According to the Tax Authorities and the Court, the need to strictly comply with legal requirements entails that the deductibility of directors’ compensation will hinge on a “two-pronged” test. Firstly, corporate legal provisions must be observed, in accordance with article 10.3 of the Corporate Income Tax Act (Royal Decree 4/2004, dated 5 March – applicable to the facts of the case at hand). Secondly, it would be necessary to analyse whether article 14.1.e) has been observed, to determine whether such compensation amounts to a gift and, as such and despite the fact that it may be included in the company’s byelaws, such compensation should not be deductible, since it would amount to a gift or an expense not related to income.

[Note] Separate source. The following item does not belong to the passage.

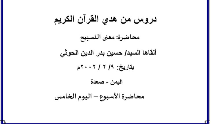 محاضرة الأسبوع – معنى التسبيح (اليوم الخامس)

Such a view is by no means new. The rulings from the Spanish Supreme Court mentioned above were pointing to the same conclusion, although the wording was not so clear. There is a novel aspect, however, in the fact that the Tax Authorities hold the view that such interpretation should also apply to the current Corporate Income Tax Act and the Court does not oppose this view. Thus the new wording of Article 15.e) should also be considered once the requirements of Article 10.3 have been complied with. Therefore, only when directors’ compensation complies with corporate law, will it then be necessary to determine whether such compensation also complies with other provisions of the Corporate Income Tax Act, in order to assess its deductibility.

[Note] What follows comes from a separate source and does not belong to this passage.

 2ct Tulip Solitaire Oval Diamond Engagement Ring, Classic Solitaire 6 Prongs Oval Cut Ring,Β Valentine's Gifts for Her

This reading of Article 10.3 is, at the very least, contrived (note that article 10.3 is worded in the same manner in the current Corporate Income Tax Act). This article only refers to the general principles applicable to the direct method of calculation on the corporate income tax base. Moreover, the Court does not mention of Article 15.f) of the current Corporate Income Tax Act, under which expenses deemed in contravention of the legal order are not deductible. This Article 15.f) would offer Tax Authorities an additional tool, since it would provide an alternative to question the deductibility of directors’ compensation not fully compliant with corporate legal provisions.

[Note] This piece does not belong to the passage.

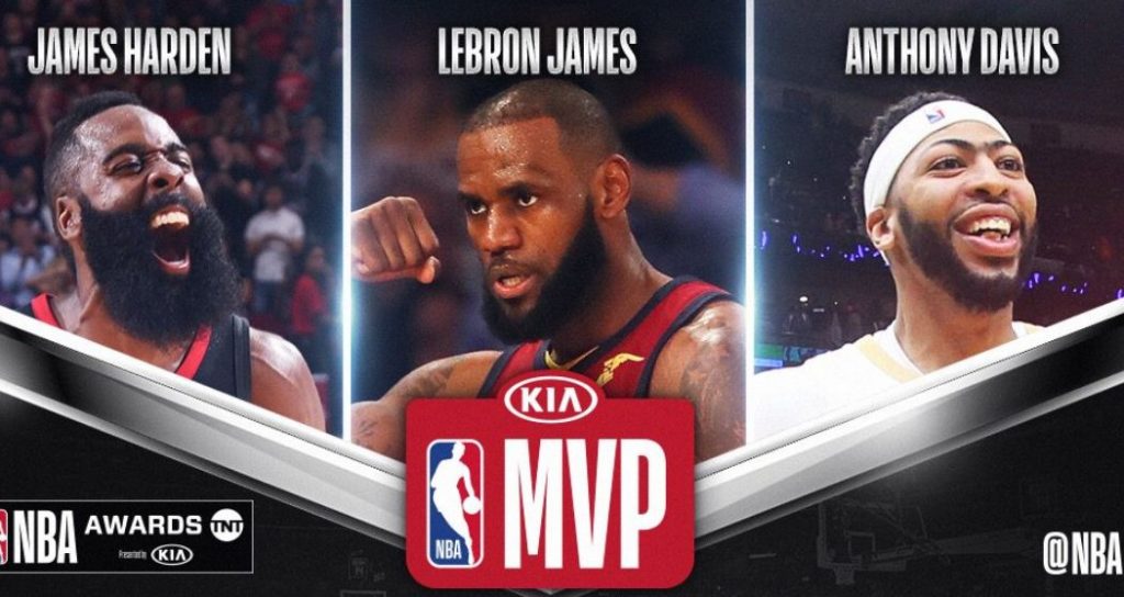 According to NBA Twitter account, “The three finalists for #KiaMVP… @JHarden13, @KingJames and @AntDavis23! The 2018 #NBAAwards air 6/25 @NBAonTNT.”
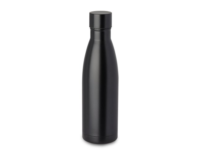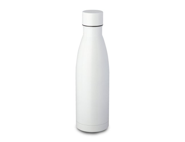 Garrafa térmica em aço inox com parede dupla isoladao à vácuo, com tampa de inox na cor do produto e anel de silicone para vedação. Capacidadede até 500ml, pintura fosca.

As a conclusion, it would seem that the Tax Authorities and the National Court hold the position that, for tax periods starting from 2015 onwards, compensation paid to directors or to senior executives also holding positions in the board of directors would only be deductible provided all legal requirements established under Spanish corporate law are strictly observed. In this analysis, the drafting of Article 15.e) of the Spanish Corporate Income Tax would not be relevant.